Он осмелился взглянуть на Николь. В лунном свете ее кожа выглядела очень бледной, утратившей тот чудесный персиковый оттенок, который был частью ее существа. Интересно, изменилась ли она внутренне так же, как внешне? Безусловно. И все это его вина.
Его мучили угрызения совести, раскаяние. Ему не давала покоя мысль, что он разрушил лучшее, что с ним случилось в жизни. Ради всего святого, почему он просто не объяснил ей свои чувства, почему не сказал, что любит ее…
Любит ее?
Том вцепился в руль, пытаясь унять дрожь в руках, несколько раз глубоко вздохнул и сконцентрировался на своем открытии.

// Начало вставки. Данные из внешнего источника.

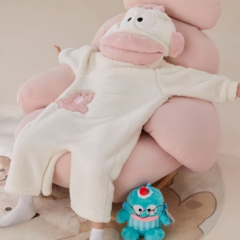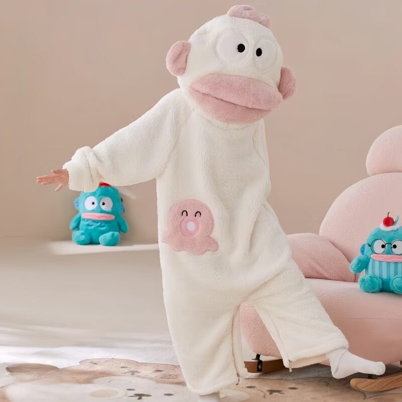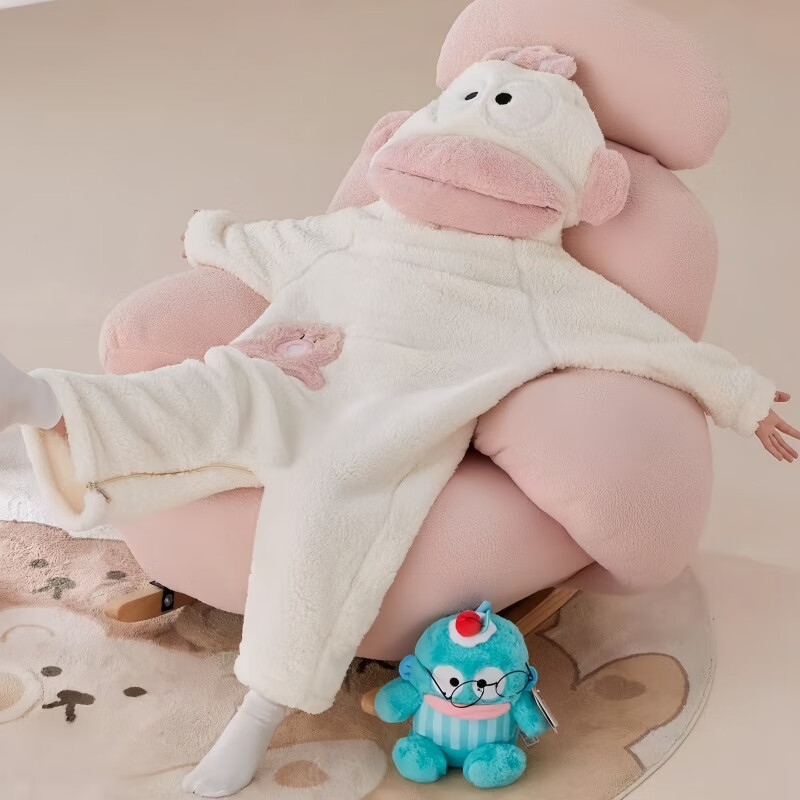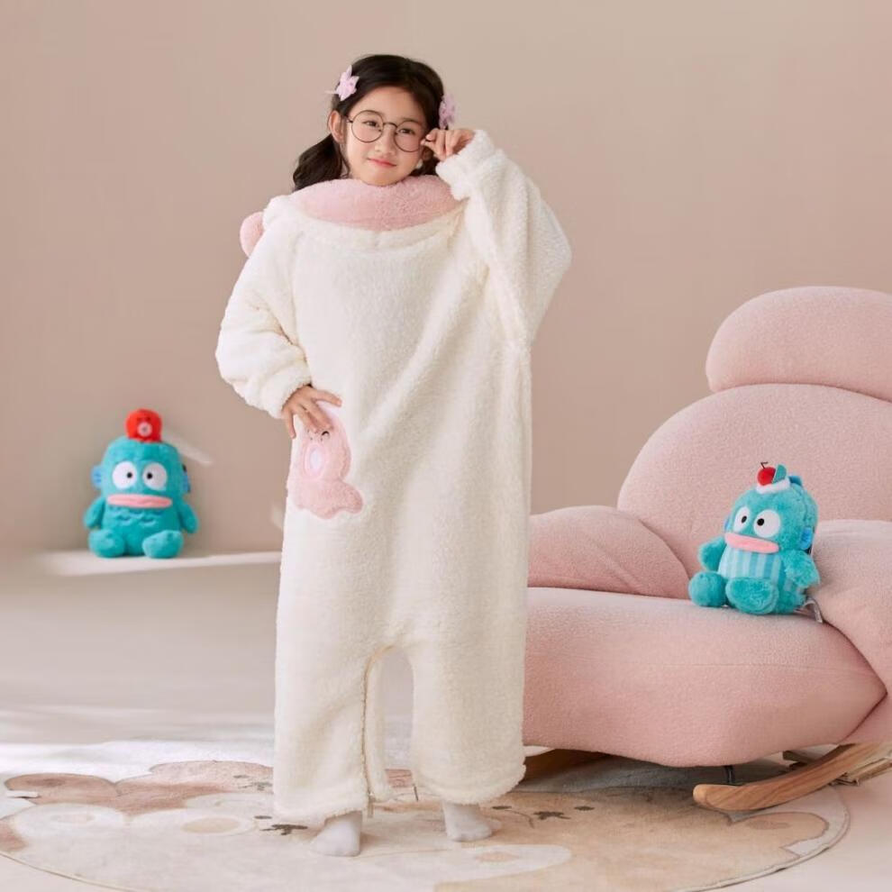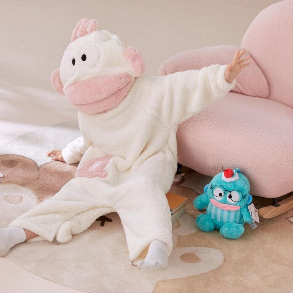 Cherry-Embellished Ugly Fish Pajamas Children's Autumn and Winter Thickened Long Pajamas Cartoon Big Mouth Fish Funny Big Children's Winter Home Clothes White Ugly Fish (Children's Jumpsuit) 170 Size 10 (recommended height 105-115cm and weight 35-40

Любовь сама по себе всегда ставила его в тупик. Он не знал ее — в отличие от других людей. Он помнил, как его постоянно бросали, не любили. Правда, он любил Эду, но это была больше обязанность, нежели другое чувство. Ту же обязанность взвалил он на себя, когда на него свалилась племянница, хотя благодаря ей он узнал, что существует и другая любовь.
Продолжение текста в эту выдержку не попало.